Big Media Buzz: New study published in JAMA gets major attention
Important new data, and good news that the mainstream media is sharing it with the broader public!
A new study published in the Journal of the American Medical Association (JAMA) has drawn a deluge of media attention this week, with coverage from Time Magazine, CNN, ABC News, CBS News, NBC News, MSNBC, and many others.
The study, which is based on data from over two million people in the Danish health and civil service registers, finds that first-time mothers are at an increased risk for a host of mental health disorders that include but also go far beyond postpartum depression - anxiety disorders, bipolar disorder and schizophrenia - with the greatest risk during the first three months after childbirth.

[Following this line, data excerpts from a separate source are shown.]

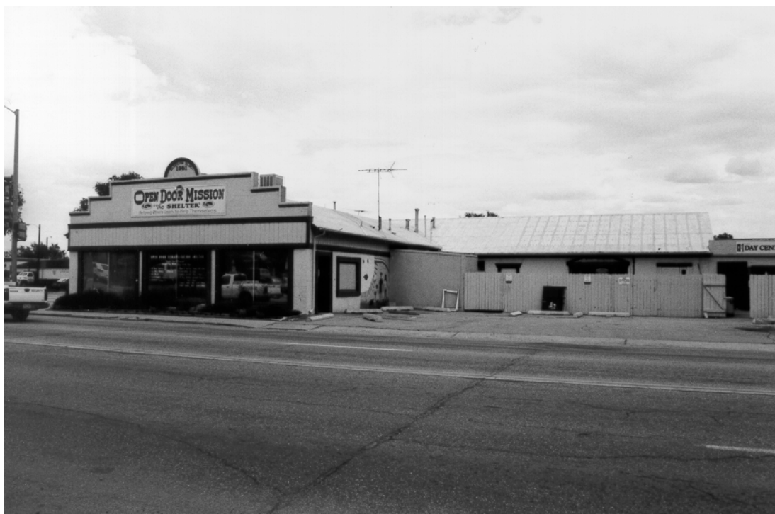
Figure 9. 316 Jefferson Street (5LR10298), view looking north.

sign board is affixed to the parapet, that announces the building's present use: "Open Door Mission..." "The Shelter" ... "Helping Others Learn to Help Themselves." Below the parapet is a band of painted wood paneling spanning the width of the façade and set between parallel belts of wood painted a contrasting dark color. The lower portion of the façade consists of a glazed storefront divided into three large bays filled with fixed display windows. Each display window is composed of two large panes of glass. The main entry to the building is located on its southeast side, close to the front, and consists of a modern, dark burnished metal frame glazed door, to the right of which is a large fixed 1-light window. Another, similar entry is located on the northwest elevation, facing Linden Street.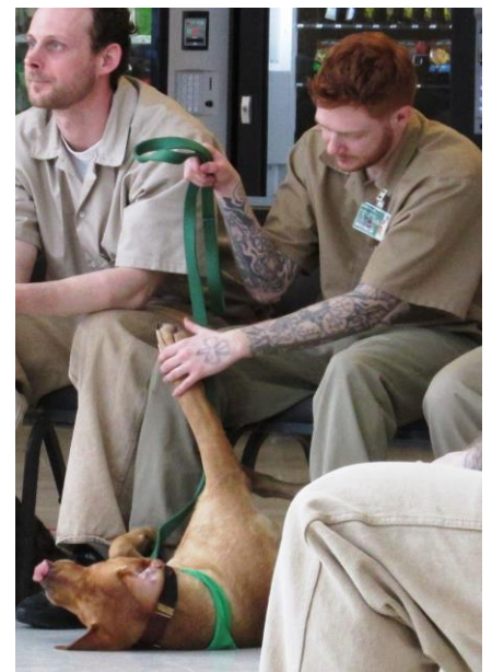
The gift of touch.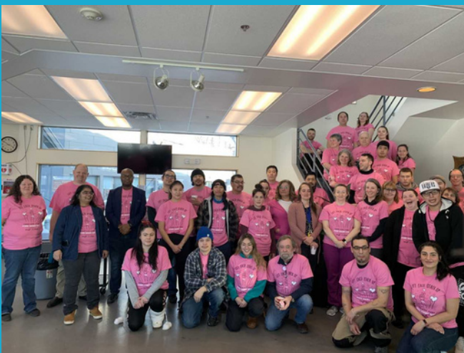
UNW Local 12, 2023

Wear pink on Wednesday, February 28th to participate!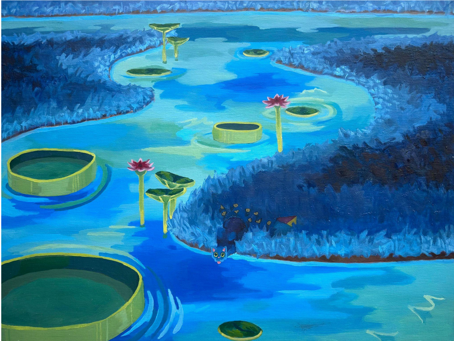
Figure 5: Curious Alluring Ride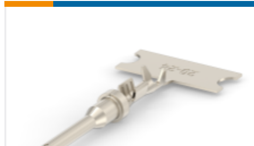
TE Part #3-2600020-2 XRC PIN TERMINAL 14-18AWG Ni Plated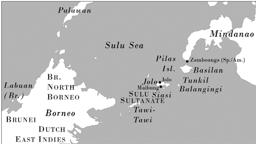
Map 2: The Sulu Sea

kingdoms to expel Muslims from the Iberian Peninsula from the eleventh to the fifteenth centuries. The Spanish consequently labelled their Muslim adversaries in the Philippines ‘Moros’, a condescending term for Muslims derived from the Mediterranean and Iberian context. From the point of view of the Spanish, and to some extent also from the point of view of the Moros, the protracted conflict was interpreted as part of a long-standing global struggle between Christianity and Islam. 1 In the course of this struggle, and as a result of increased contacts with the wider world from the sixteenth to the nineteenth centuries, the Muslim identity of the Moros was strengthened, largely in opposition to the Spanish incursions and their attempts to propagate the Christian faith. 2

They also found that first-time childbearing women had a risk of postpartum mental illness at a rate 7.3 times higher than for women who had given birth previously.
The study found postpartum depression affecting 10 to 15 percent of all mothers, but the team also notes that this data is an "underestimate," given the fact that approximately 40 to 50 percent of postpartum mental illness goes undiagnosed.
At least one previous study found that some new fathers also suffer from depression after a child is born, but the current JAMA study argues against any association between fatherhood and the onset of mental illness.
Also published in this edition of JAMA: a group-authored editorial, "Postpartum Depression: A Major Public Health Problem."